The following data packages can be used to explore the features of scClustViz. You can also follow the vignette below to build your own data package to easily share your analysed scRNAseq data with collaborators and the public.

Embryonic Mouse Cerebral Cortex

The data from the 2017 Cell Reports paper Developmental Emergence of Adult Neural Stem Cells as Revealed by Single-Cell Transcriptional Profiling by Yuzwa et al. are available to explore at our website or by installing the R package MouseCortex. These are DropSeq data from timepoints spanning neurogenesis and filtered for cortically-derived cells, processed on an earlier version of the pipeline outlined below (using scran for normalization and Seurat for clustering) and imported into scClustViz using the steps outlined above.

Install MouseCortex using devtools as follows:

# install devtools
install.packages("devtools")

# install MouseCortex (demo data from Yuzwa et al, Cell Reports 2017)
devtools::install_github("BaderLab/MouseCortex") 
# this takes a minute or two

# install mouse gene annotations from bioconductor (optional)
source("https://bioconductor.org/biocLite.R")
biocLite("org.Mm.eg.db")

Then run the scClustViz Shiny app to view your dataset of choice! There's a wrapper function in the MouseCortex package that handles the call to scClustViz, so it's nice and simple. If you're interested, ?runShiny has example code showing the function call used by the wrapper function.

library(MouseCortex)
viewMouseCortex("e13")

Human Liver Atlas

The data from the 2018 Nature Communications paper Single cell RNA sequencing of human liver reveals distinct intrahepatic macrophage populations by MacParland et al. are available to explore at our website or by installing the R package HumanLiver. These are 10X Chromium data from the livers of 5 human donors, processed on the pipeline outlined below (using scran for normalization and Seurat for clustering) and imported into scClustViz using the steps outlined above.

Install HumanLiver using devtools as follows:

# install devtools
install.packages("devtools")

# install HumanLiver 
# (R data package for MacParland et al., Nat Commun 2018)
devtools::install_github("BaderLab/HumanLiver") 
# this takes a minute or two

# install human gene annotations from bioconductor (optional)
source("https://bioconductor.org/biocLite.R")
biocLite("org.Hs.eg.db")

library(HumanLiver)
viewHumanLiver()

Make Your Own Data Package!

Building an R package is a relatively easy task thanks to RStudio and the roxygen2 and devtools packages.

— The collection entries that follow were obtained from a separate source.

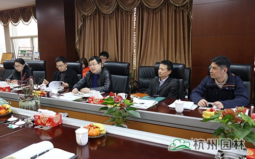 3月16日下午,江干区副区长王卫安、区政府办主任陈叶亮、区发改局局长王栋、四季青街道办事处副主任魏琦敏一行莅临杭州市园林绿化股份有限公司调研工作,与董事长吴光洪、总裁张炎良等企业主要负责人进行了倾心座谈。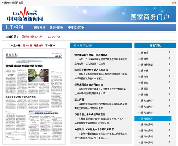 2014年7月24日,《國際商報》B4版《商業(yè)地產(chǎn)》報道:《綠色建筑成各地循環(huán)經(jīng)濟加速器》。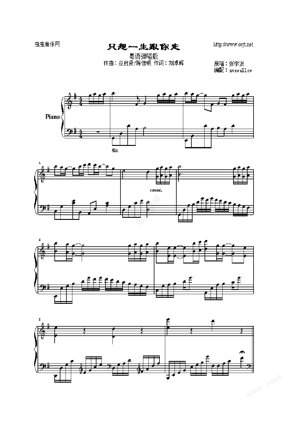 钢琴谱:只想一生跟你走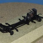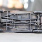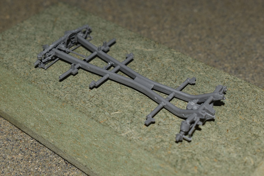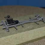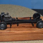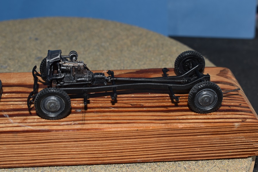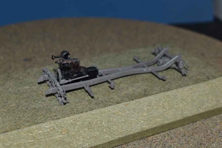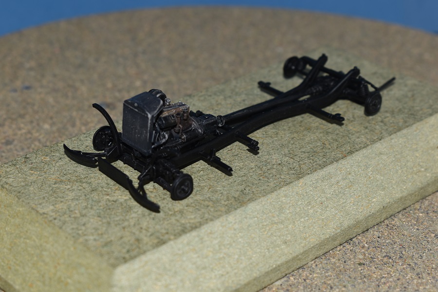 Deze start zoals dikwijls met de motor maar men geeft geen kleurindicaties. Na wat opzoekwerk schilderde ik het blok zwart (spuitbus Spectrum) met een metaalkleurig kleppendeksel (AK Real Colour Markers). De uitlaat gaf ik een lichte roestkleur mee (poeder). De volgende fase betreft de bouw van het chassis wat eveneens vlot verloopt als je de onderdelen heel voorzichtig losmaakt en opkuist. Er waren enkele breuken bij onderdelen op de sprues zelf en deze dienden dus eerst hersteld te worden. Na een grijze primer (spuitbus Spectrum) kon een dryfit met de motor: Eens volledig afgewerkt, werd het chassis zwart gespoten. Na deze fase richten we ons op de carrosserie van het voertuig zelf met als begin de keuze tussen een brandstoftank van de eerste types (pré 1939) of de late versie vanaf 1939.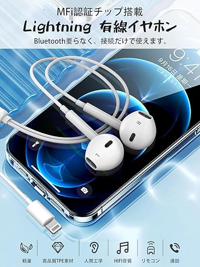 【正規MFi認証イヤホンで信頼感満々♪】iPhone イヤホンは正規MFi認証を取得です。純正チップを搭載しており、より安定した接続を実現した上、iOSのアップデート後も問題なく使用できます。面倒なBluetooth接続も設定も一切不要、iPhoneに挿すだけですぐ使えるのも魅力の1つです。大切なiPhoneには安心なMFi 有線 イヤホンを選びましょう。音質は良く、IOSデバイスにダメージも与えません。

The following vignette will show you how to take your saved output from the scClustViz setup and share it as an R package on github as seen in the data packages above. It is entirely based on the invaluable book R packages by Hadley Wickham.
First, you must have generated your input file for the runShiny command in scClustViz by following the steps in the usage guide above.
Then, create a new project in RStudio, selecting "New directory" -> "R package" and making sure to check "Create a git repository". If you haven't already set up git/github in RStudio, check out this blogpost for an explanation. If you only want to make a package to share with colleagues, you can skip github and simply send them the bundled package when you're done.
Once you've opened your new package in RStudio, make sure to have both "Use devtools package functions" and "Generate documentation with Roxygen" selected under "Project Options" -> "Build Tools". Also, delete the existing NAMESPACE file, since Roxygen will create a new one when you build the package.
You're now ready to build your package. First, make a folder in the package directory called "inst", and put your input file for runShiny there. All files in "inst" become part of the root directory of the package after installation, so it's best to store your data in a folder within inst.

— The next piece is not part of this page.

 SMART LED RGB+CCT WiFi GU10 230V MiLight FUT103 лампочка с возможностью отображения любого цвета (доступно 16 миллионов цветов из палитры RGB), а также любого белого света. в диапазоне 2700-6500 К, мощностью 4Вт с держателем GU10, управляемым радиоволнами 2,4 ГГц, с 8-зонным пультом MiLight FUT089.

dir.create("inst/packageData/",recursive=T)
save(data_for_scClustViz,DE_for_scClustViz,
     file="inst/packageData/MyDataTitle.RData")

If you'd like a default resolution to load when the user views your data in scClustViz, now's the time to save that.

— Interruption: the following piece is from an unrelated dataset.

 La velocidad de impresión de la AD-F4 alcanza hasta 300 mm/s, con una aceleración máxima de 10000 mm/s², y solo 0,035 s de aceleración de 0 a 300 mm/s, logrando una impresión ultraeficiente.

runShiny("inst/packageData/MyDataTitle.RData")

Save your selected cluster resolution as default in the app. It will be saved as inst/packageData/MyDataTitle_savedRes.RData. You will also see a file called inst/packageData/MyDataTitle_intro.md. This is a markdown file that stores the text displayed at the top of the scClustViz GUI. You can edit it to say what you want (perhaps a link to the paper the data is from, and maybe the abstract?).
Now all you need to do is write the wrapper function to call runShiny. Here is an example R script (overwrite R/HelloWorld.R) to save in the "R" directory of the package.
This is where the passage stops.